Lenny grabbed for his pistol and stepped behind his horse.
Earl stepped into the open.
“Go to hell,” Fincher yelled, clawing for his pistol. Quince drew his pistol. He and Pete fired at Lenny, who was ducking and swaying his body to avoid being hit. He returned fire, his bullet sizzling the air over Pete’s head.
Brad stepped off to the left and drew his pistol with a lightning-fast swoop of his hand.
“Fincher, drop it,” he called.
“Go to hell,” Fincher said again, cocking his pistol and raising it as if he was at a shooting range.
Brad didn’t wait.
He squeezed the trigger, and the Colt bucked in his hand, rose several inches after the bullet exploded. He brought the pistol back level and fired again as he saw a puff of dust lift off Fincher’s jacket and felt the breeze of a bullet fry the air next to his ear.
Pete waited a split second as Lenny bobbed to one side, and then Pete fired off a shot as the man exposed himself to fire at Pete and Quince.
Fincher spun around from the force of the first bullet and staggered a foot or two. Brad’s second shot caught him in the side and spun him the other way.
Lenny pitched backward and fell, a bullet hole in his throat. Blood bubbled up from his mouth, and he gurgled like a hog swilling slop as his life eked away.
Brad stood over Fincher, his foot on Earl’s gun hand. He was still alive, but he had a hole in his chest that was spurting blood and foam, scraps of lung matter.
“Who . . . what ...” Fincher gasped.
“I’m Sidewinder,” Brad said, holding the pistol to Earl’s forehead.
“You . . . you ...” His gasps were airy, blood-filled, and his mind was clouded with pain.
“I’ve got something to tell you, Fincher,” Brad said.
“Huh?”
“Vengeance is mine, you bastard.
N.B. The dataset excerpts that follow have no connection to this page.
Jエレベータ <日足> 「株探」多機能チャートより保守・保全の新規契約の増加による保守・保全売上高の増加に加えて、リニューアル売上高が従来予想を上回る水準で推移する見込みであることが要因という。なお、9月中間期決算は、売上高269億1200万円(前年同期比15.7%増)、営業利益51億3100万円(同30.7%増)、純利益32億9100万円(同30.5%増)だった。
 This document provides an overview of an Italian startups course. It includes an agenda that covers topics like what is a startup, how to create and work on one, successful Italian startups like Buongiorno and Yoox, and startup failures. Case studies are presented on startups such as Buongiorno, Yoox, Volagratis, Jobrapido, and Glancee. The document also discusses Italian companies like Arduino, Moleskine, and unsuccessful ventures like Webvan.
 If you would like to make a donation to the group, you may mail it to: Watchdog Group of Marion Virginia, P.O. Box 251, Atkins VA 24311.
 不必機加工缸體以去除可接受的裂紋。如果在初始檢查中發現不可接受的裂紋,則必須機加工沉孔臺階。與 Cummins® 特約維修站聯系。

And Hugh’s.”
Then Brad squeezed the trigger and blew a hole in Fincher’s forehead, the back of his skull flying off like a cracked bowl of oatmeal in a cloud of rosy spray. Earl’s eyes turned to olive pits and he slumped into eternity.
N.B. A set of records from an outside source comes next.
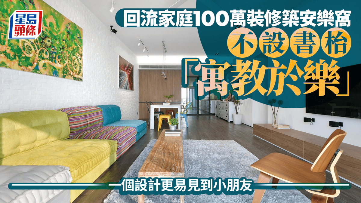 參觀位於貝沙灣一個1,600方呎的4房單位,戶主是回流華僑,喜愛自然舒適的居住空間,更支持「寓教於樂」的養育方式,一家五口連兩位工人,合共有7人同住,因此找來設計公司Viz Design,耗資100萬元以打造一間兼備充足玩樂空間及簡約自然的安樂窩。
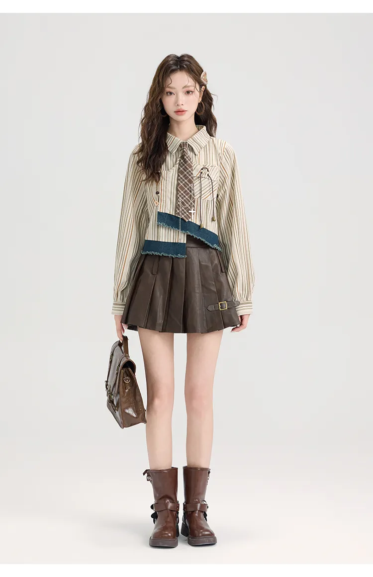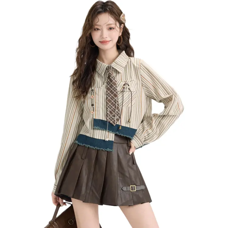 MILING Коричневый Двухкомпонентный Комплект для Школьниц с Юбкой
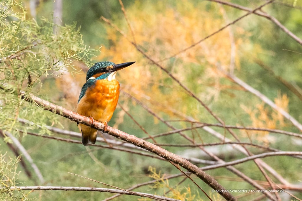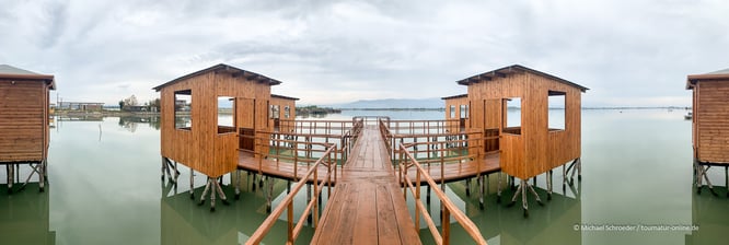 teilt sich die Straße. Wir fahren rechts in den unbefestigten Weg. Entlang des Wasser beobachten wir auf den nächsten 4 Kilometer Vögel wie Habicht, Rohrweihe, Silber- und Seidenreiher, eine Kolonie der seltenen Krauskopfpelikane, Flamingos und immer wieder Eisvögel. Im Laufe der kurzen Zeit sehen wir mindestens zehn unterschiedliche Eisvögel - wenn nicht mehr!

Pete came over and put an arm on Brad’s shoulder.
“Here’s two we don’t have to lock up,” he said. “Carmichael’s dead as the proverbial doornail. I heard what you said to Fincher, Brad. This isn’t vengeance, it’s justice.”
“What’s the difference?”
Brad looked off into the glowing sunset, the shining mountains. The glow in the sky was magnificent, the clouds serene and majestic, their gilded forms turning purple and gray, their silver turning to ash against the pale blue of the evening sky.
It was over, he thought, and the weight was once again off his shoulders and the stone gone from his heart.
Vengeance or justice? It was all the same to him.